# Your goal
Write out, without any change, the lines in the material below that run from the line with "211 Fenton Milk" through the line with "2.野菜の切れ端に絵の具をつけ、スタンプしていく", both included.

# The data
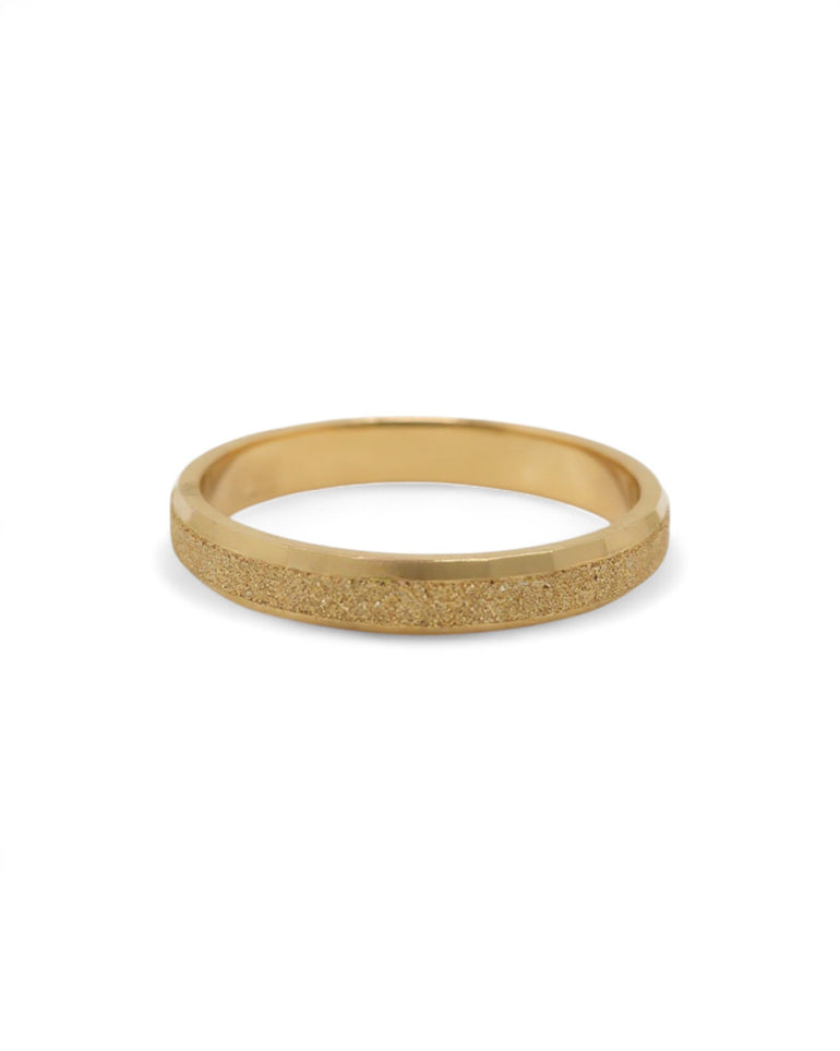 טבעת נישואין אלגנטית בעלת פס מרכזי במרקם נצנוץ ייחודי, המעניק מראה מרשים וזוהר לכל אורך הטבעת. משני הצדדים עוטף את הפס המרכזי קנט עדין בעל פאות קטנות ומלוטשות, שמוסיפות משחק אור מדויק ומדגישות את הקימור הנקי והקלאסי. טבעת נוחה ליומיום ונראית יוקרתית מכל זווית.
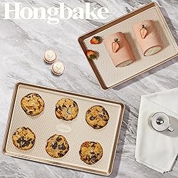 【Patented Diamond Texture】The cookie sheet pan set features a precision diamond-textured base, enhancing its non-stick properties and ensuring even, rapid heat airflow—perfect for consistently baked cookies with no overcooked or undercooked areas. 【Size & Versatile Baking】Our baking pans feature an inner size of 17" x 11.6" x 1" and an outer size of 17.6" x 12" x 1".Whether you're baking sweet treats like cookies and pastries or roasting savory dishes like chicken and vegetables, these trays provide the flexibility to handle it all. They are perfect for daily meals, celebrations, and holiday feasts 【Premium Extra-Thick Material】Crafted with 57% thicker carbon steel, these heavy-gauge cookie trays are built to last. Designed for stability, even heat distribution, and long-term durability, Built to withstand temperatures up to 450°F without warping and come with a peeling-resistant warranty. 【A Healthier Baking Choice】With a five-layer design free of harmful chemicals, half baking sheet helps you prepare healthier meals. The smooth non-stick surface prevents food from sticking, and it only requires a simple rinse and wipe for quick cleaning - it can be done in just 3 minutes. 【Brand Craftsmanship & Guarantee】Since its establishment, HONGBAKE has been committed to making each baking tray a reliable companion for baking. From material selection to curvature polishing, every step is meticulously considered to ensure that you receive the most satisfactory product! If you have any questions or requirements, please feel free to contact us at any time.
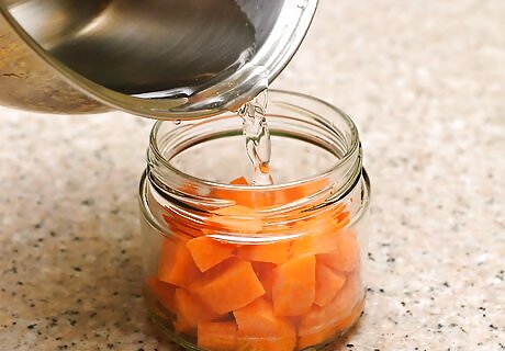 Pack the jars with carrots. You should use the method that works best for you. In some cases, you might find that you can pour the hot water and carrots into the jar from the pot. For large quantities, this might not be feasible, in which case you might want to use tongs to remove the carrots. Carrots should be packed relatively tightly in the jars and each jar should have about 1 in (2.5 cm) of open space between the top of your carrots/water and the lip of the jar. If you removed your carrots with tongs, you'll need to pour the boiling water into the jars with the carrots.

...

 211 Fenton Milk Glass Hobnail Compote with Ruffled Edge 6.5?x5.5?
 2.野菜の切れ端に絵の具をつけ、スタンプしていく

---

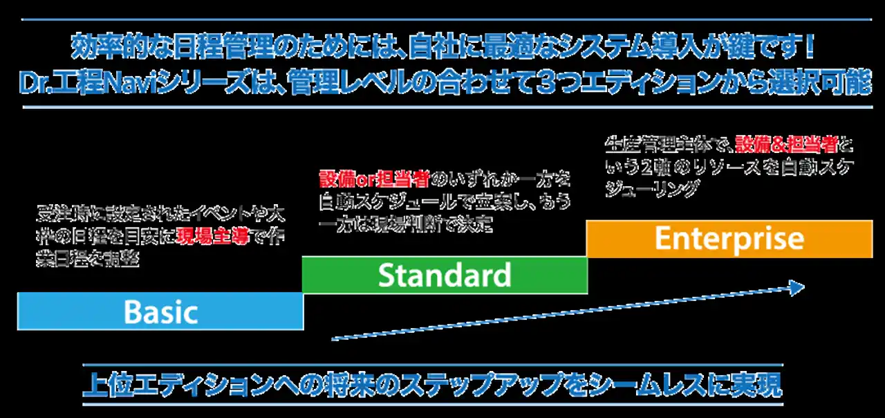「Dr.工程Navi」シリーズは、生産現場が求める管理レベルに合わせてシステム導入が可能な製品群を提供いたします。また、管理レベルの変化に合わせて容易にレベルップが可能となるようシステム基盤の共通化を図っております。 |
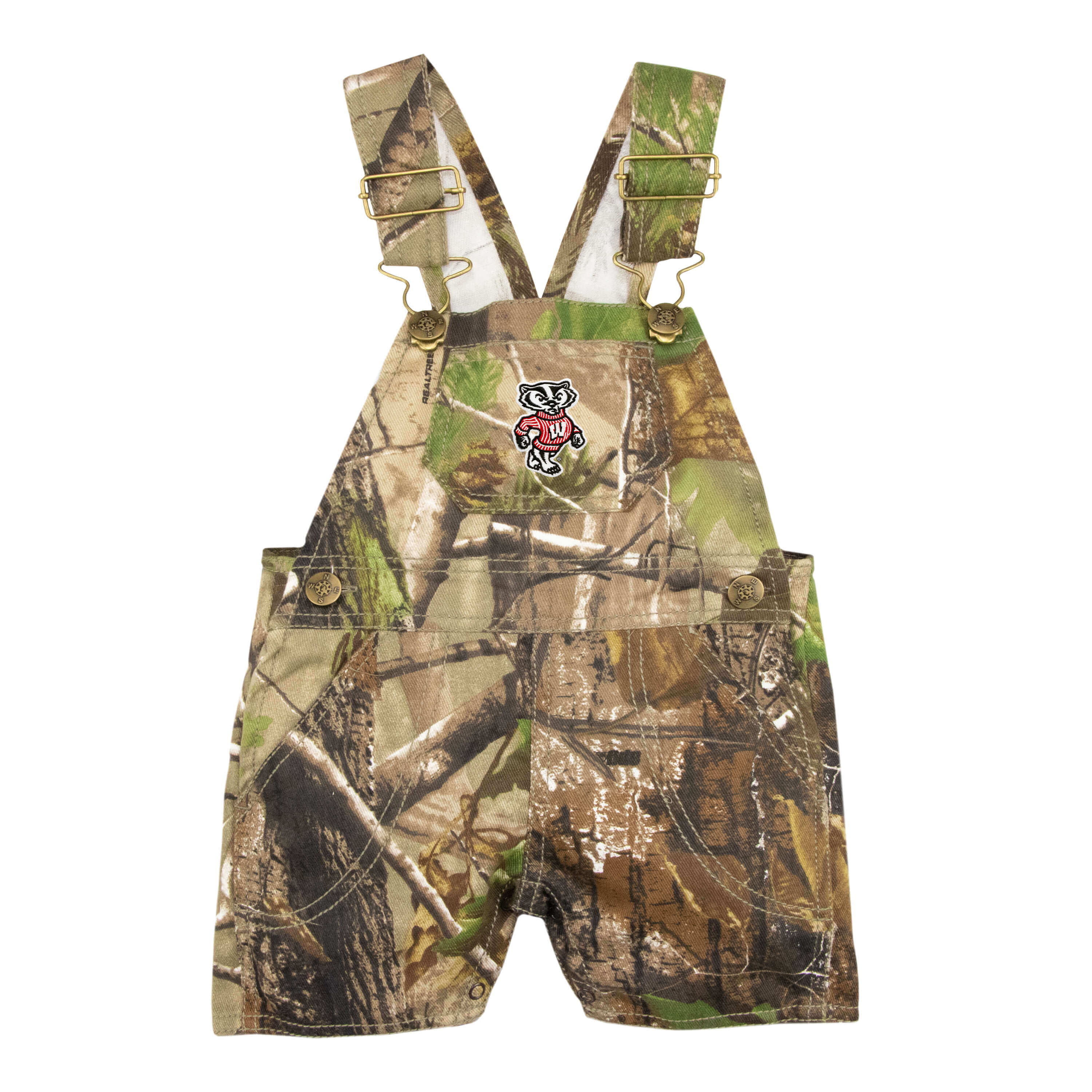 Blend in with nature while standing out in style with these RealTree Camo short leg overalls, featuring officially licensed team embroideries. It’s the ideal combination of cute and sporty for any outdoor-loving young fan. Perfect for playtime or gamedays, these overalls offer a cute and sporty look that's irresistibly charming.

# Response area
 211 Fenton Milk Glass Hobnail Compote with Ruffled Edge 6.5?x5.5?
 2.野菜の切れ端に絵の具をつけ、スタンプしていく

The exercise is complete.